Supervisor EJ Stark’s American Dream

Written by Katie Rosenberg

 Honor. Courage. Commitment.

Supervisor EJ Stark literally wears his values on his sleeves.

And on his chest.

And in his skin.

I first met Stark at the Grand Theater in 2016 before I was officially sworn into office. I instantly noticed his Semper Fi T-shirt and his U.S. Marine Corps–inspired tattoos. He wasted no time in telling me about the biggest issues we would face during the next Marathon County Board session, but he also offered his support in helping me understand some of the context.

His offer wasn’t just lip service, either…

Even though he wasn’t a member of the Health and Human Services Committee, he showed up to help discuss the big issues, fill in context, and teach by example how to ask good questions and craft the right kinds of policies.

Stark says he is grounded in the values that his parents instilled in him growing up as an immigrant in 1950s Milwaukee. His life’s course forever changed when his future parents escaped the Hungarian Stalinists and landed in a refugee camp in Germany. He reflected:

I come from humble beginnings. My family was forced off their farm in Hungary by the communist regime — they were forced to leave everything and moved into a dislocation camp. My brother and I were both born in there.”

TOP LEFT: EJ (baby) and his Uncle John in a refugee camp in Germany.
TOP MIDDLE: EJ as a baby dressed up in a costume.
TOP RIGHT: EJ (in his mother’s arms) and his family in front of the administration building at the camp.
BOTTOM LEFT: EJ’s Uncle John, 21, who always doted on young EJ.
BOTTOM RIGHT: EJ’s father, Joseph Jr., in his makeshift darkroom; he made extra money in the refugee camp by taking and developing photos. (Photos courtesy of EJ Stark.)

After 7 years in the camp, when he was just 2 years old, the Stark family made their way to America, following other Hungarian and German immigrants to Milwaukee to start over.

“My family went through the normal process of becoming citizens. That took 6 years. I’m a naturalized citizen. I watched my parents go through the classes — I still have some of the books. They probably know more about the Constitution and the Bill of Rights and things than kids who are in school [here do].”
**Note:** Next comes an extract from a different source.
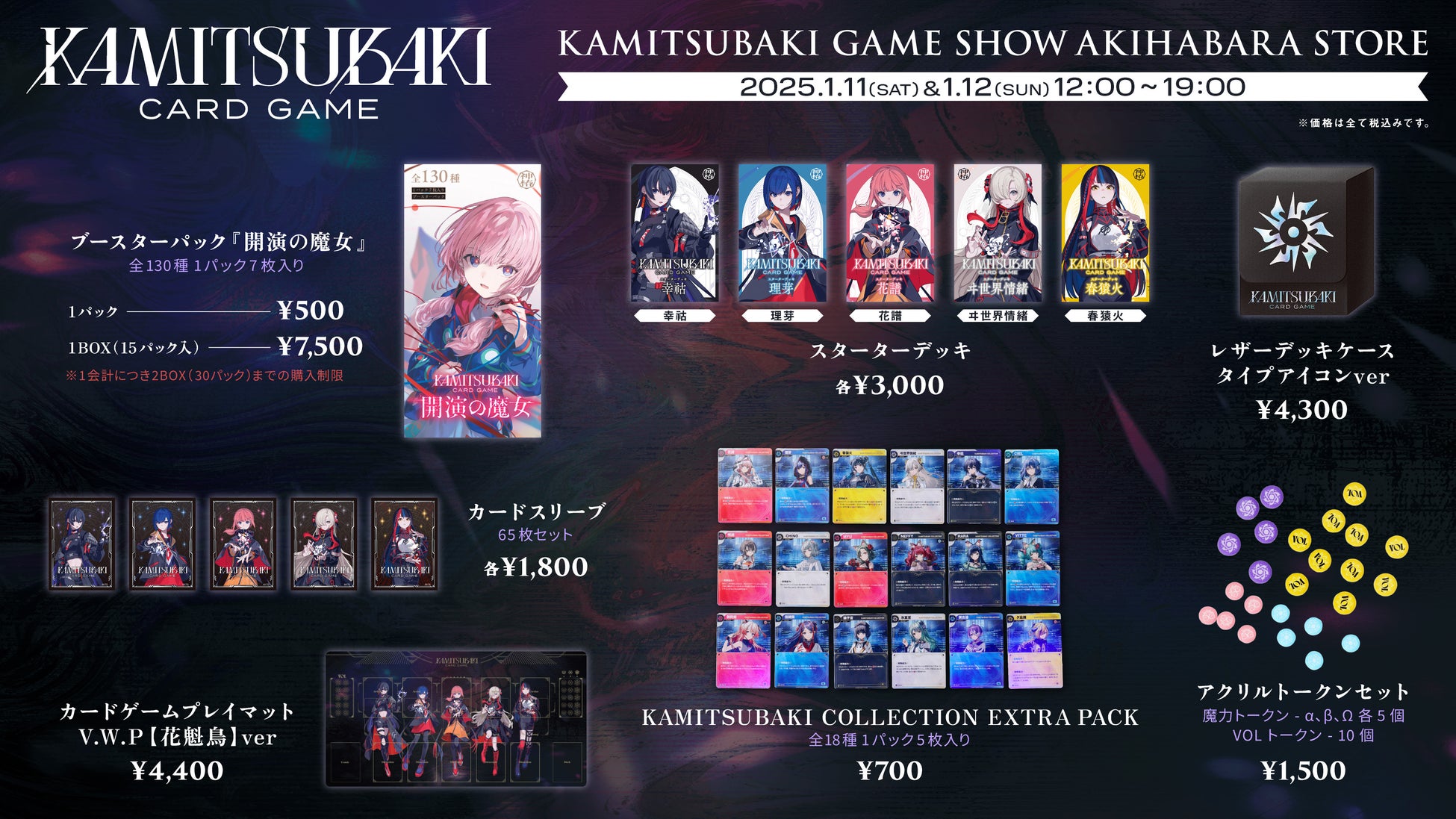 「KAMITSUBAKI GAME SHOW AKIHABARA」秋葉原・ラジオ会館で開催決定!TCG「KAMITSUBAKI CARD GAME」のティーチングイベントや「神椿市建設中。REGENERATE」「神椿市協奏中。」の試遊会も実施!
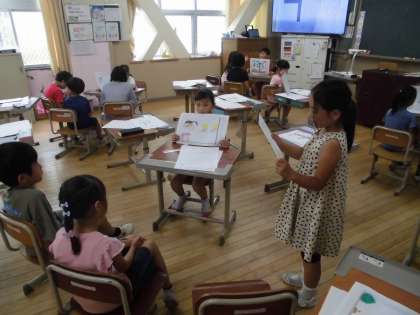 2年生は、国語の学習で、「今はないけれど、こんなものがあったらいいな。」と思うものを考えて、発表しました。グループで、司会を立てて、一人ずつ考えたものを話しました。聞いた人は、感想を伝えました。「そんなものがあったら、便利だな。」と思うものが、いろいろあり、子どもたちの想像力に驚かされました。

Stark’s parents valued education and staying informed. Once in Milwaukee, Stark’s father enrolled in night school to learn how to be an electrician.

“My parents always stressed that education was important. ‘You have to go to school. You have to learn to take advantage of those opportunities.’ My mother was a good student in Hungary. My dad was more mechanical. I remember when we’d sit around the coffee table at home when my dad was doing math, my mother would also do the math. I would hear her say the numbers in Hungarian.”

TOP LEFT: EJ’s Grandpa Josef Stark, Sr., in front of the refugee camp.
TOP RIGHT: EJ’s geat-grandfather wearing a Hungarian Army Uniform.
MIDDLE: EJ’s grandparents—Josef, Sr., and Eva Stark.
BOTTOM LEFT: German refugee camp housing.
BOTTOM RIGHT: EJ Stark and his brother Joseph during bath time. (Photos courtesy of EJ Stark.)

Even as a child, Stark’s parents encouraged him to stay up-to-date.

“My father, from the time we could read, made us read the newspaper and become politically aware of what was going on in this country. They didn’t want us to be taken by surprise like they were throughout their lifetime.”

Coupled with education, Stark’s parents pushed him…

“My family values encompass, first and foremost, hard work. Work. Work. Work. You have to be willing to work and be willing to work hard.”

By the time he graduated high school, he had decided to put his values, brains, and brawn together and he enlisted in the U.S. Marine Corps during the Vietnam War, where he worked on aviation radio equipment.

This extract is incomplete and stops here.